# [PROVIDED MATERIAL]

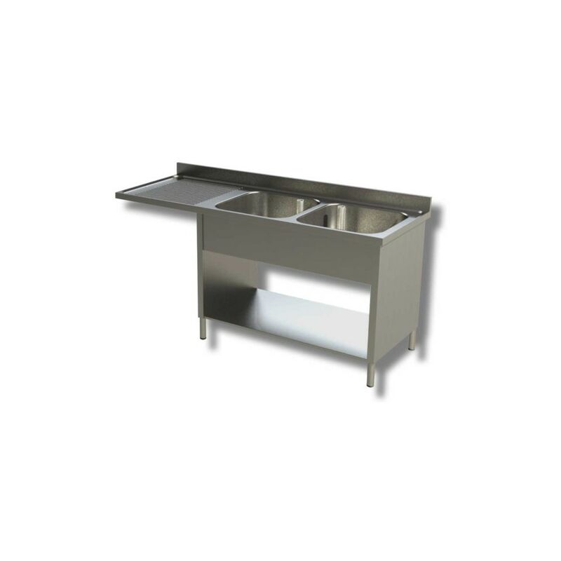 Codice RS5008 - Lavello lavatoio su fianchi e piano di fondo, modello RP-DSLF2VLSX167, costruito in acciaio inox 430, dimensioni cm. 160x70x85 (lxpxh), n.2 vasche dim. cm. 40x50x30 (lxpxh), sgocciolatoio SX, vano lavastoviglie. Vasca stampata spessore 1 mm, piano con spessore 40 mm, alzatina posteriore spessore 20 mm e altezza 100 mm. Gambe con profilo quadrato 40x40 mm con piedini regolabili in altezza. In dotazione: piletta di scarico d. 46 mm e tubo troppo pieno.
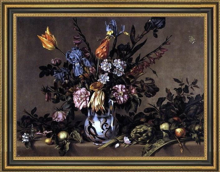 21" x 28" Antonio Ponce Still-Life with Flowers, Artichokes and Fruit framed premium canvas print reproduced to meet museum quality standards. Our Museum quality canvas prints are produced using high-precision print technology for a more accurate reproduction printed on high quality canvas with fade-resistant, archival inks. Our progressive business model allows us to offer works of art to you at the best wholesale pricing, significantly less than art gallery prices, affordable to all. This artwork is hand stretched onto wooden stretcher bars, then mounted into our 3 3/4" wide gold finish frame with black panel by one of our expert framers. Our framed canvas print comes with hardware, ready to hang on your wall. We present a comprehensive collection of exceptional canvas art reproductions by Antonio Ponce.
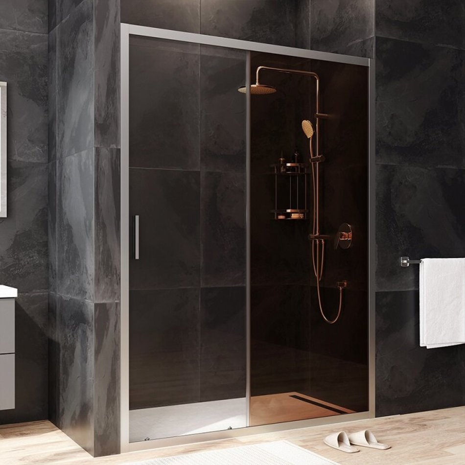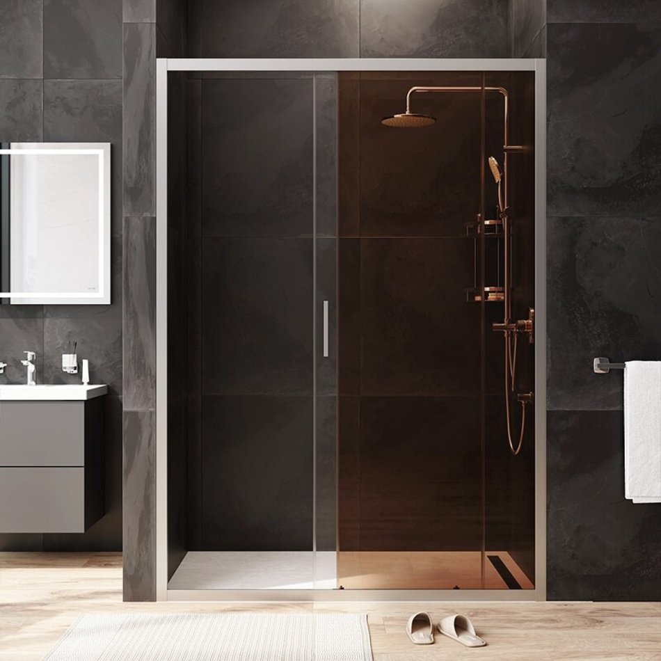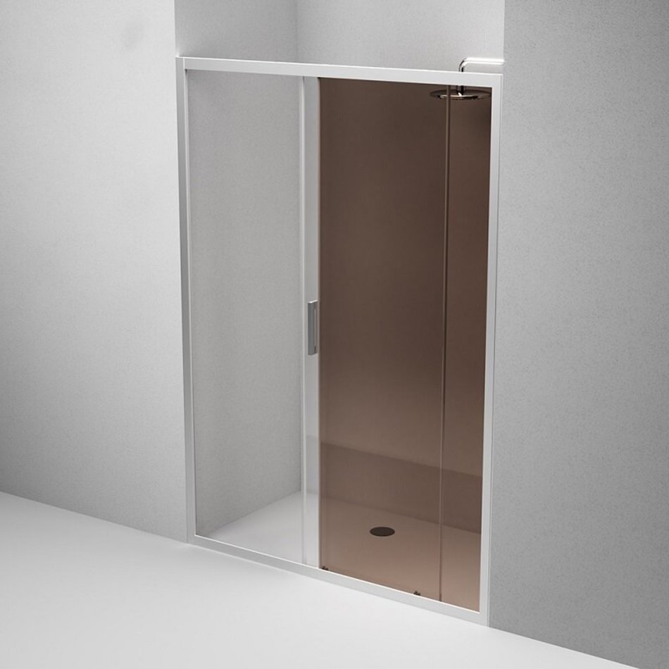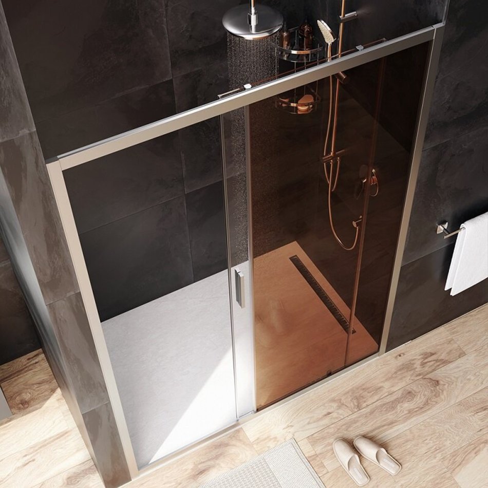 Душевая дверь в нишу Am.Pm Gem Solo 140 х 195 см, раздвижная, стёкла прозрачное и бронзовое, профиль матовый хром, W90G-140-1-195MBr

# [YOUR TASK]
Everything in the data except the pictures must appear in your answer unchanged.

# [TASK ANSWER]
 Codice RS5008 - Lavello lavatoio su fianchi e piano di fondo, modello RP-DSLF2VLSX167, costruito in acciaio inox 430, dimensioni cm. 160x70x85 (lxpxh), n.2 vasche dim. cm. 40x50x30 (lxpxh), sgocciolatoio SX, vano lavastoviglie. Vasca stampata spessore 1 mm, piano con spessore 40 mm, alzatina posteriore spessore 20 mm e altezza 100 mm. Gambe con profilo quadrato 40x40 mm con piedini regolabili in altezza. In dotazione: piletta di scarico d. 46 mm e tubo troppo pieno.
 21" x 28" Antonio Ponce Still-Life with Flowers, Artichokes and Fruit framed premium canvas print reproduced to meet museum quality standards. Our Museum quality canvas prints are produced using high-precision print technology for a more accurate reproduction printed on high quality canvas with fade-resistant, archival inks. Our progressive business model allows us to offer works of art to you at the best wholesale pricing, significantly less than art gallery prices, affordable to all. This artwork is hand stretched onto wooden stretcher bars, then mounted into our 3 3/4" wide gold finish frame with black panel by one of our expert framers. Our framed canvas print comes with hardware, ready to hang on your wall. We present a comprehensive collection of exceptional canvas art reproductions by Antonio Ponce.
 Душевая дверь в нишу Am.Pm Gem Solo 140 х 195 см, раздвижная, стёкла прозрачное и бронзовое, профиль матовый хром, W90G-140-1-195MBr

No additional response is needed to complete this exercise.